-- The task --
Each line below from the line with "UD2249L Mod. Coliseu" to the line with "附圖一 承辦學校位置圖" must be copied exactly, including those two, and no picture may appear in the copy.

Records contained in a dataset
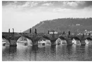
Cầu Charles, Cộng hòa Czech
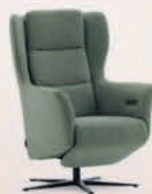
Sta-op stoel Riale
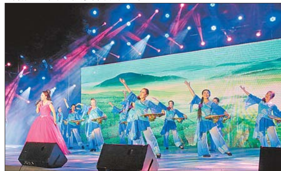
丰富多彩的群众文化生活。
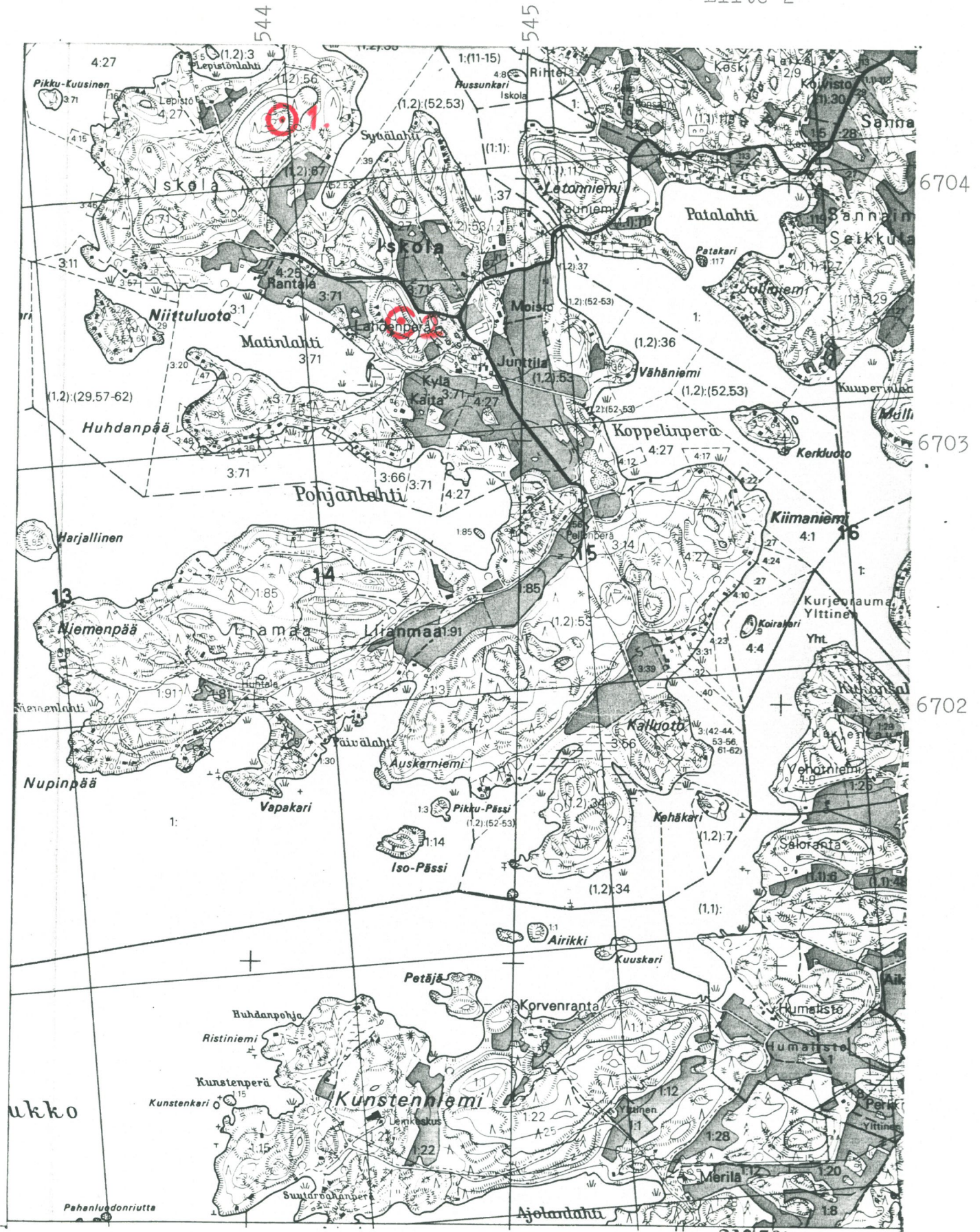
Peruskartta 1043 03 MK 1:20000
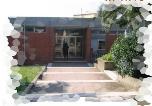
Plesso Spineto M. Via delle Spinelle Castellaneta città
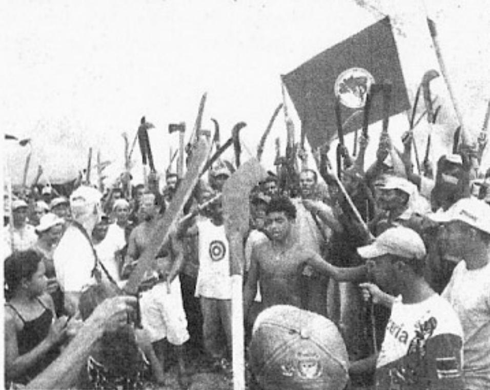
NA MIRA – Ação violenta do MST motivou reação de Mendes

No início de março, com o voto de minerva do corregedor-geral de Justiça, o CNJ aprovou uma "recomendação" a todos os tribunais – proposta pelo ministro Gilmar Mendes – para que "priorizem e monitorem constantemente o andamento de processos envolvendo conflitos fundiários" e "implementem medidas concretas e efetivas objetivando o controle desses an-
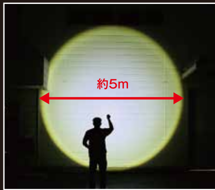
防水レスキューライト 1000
==
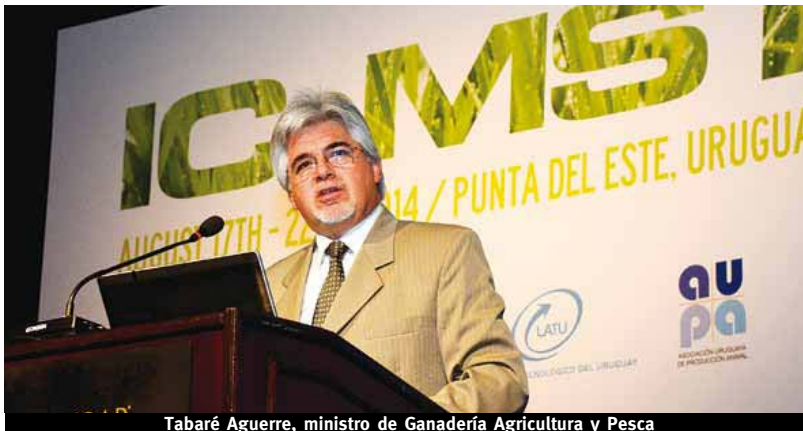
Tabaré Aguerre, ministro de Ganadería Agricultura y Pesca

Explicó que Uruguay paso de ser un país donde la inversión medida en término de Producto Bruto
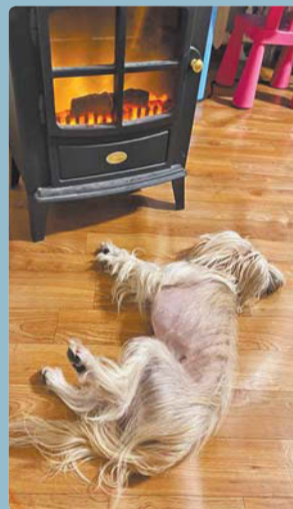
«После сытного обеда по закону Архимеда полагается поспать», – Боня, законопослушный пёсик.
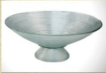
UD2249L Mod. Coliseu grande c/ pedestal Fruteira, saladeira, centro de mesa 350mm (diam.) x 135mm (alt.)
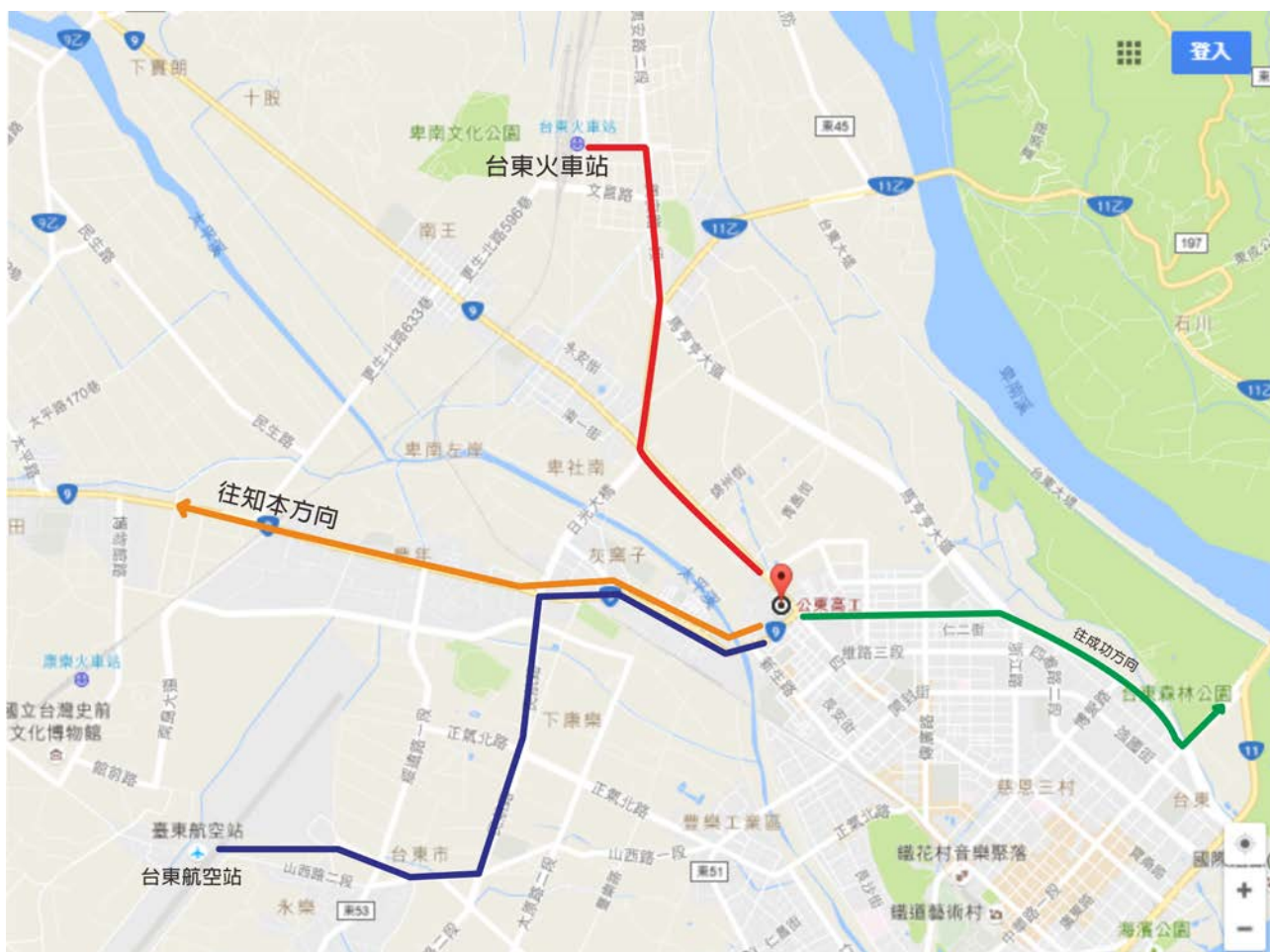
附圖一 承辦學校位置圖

-- Response area --
UD2249L Mod. Coliseu grande c/ pedestal Fruteira, saladeira, centro de mesa 350mm (diam.) x 135mm (alt.)
附圖一 承辦學校位置圖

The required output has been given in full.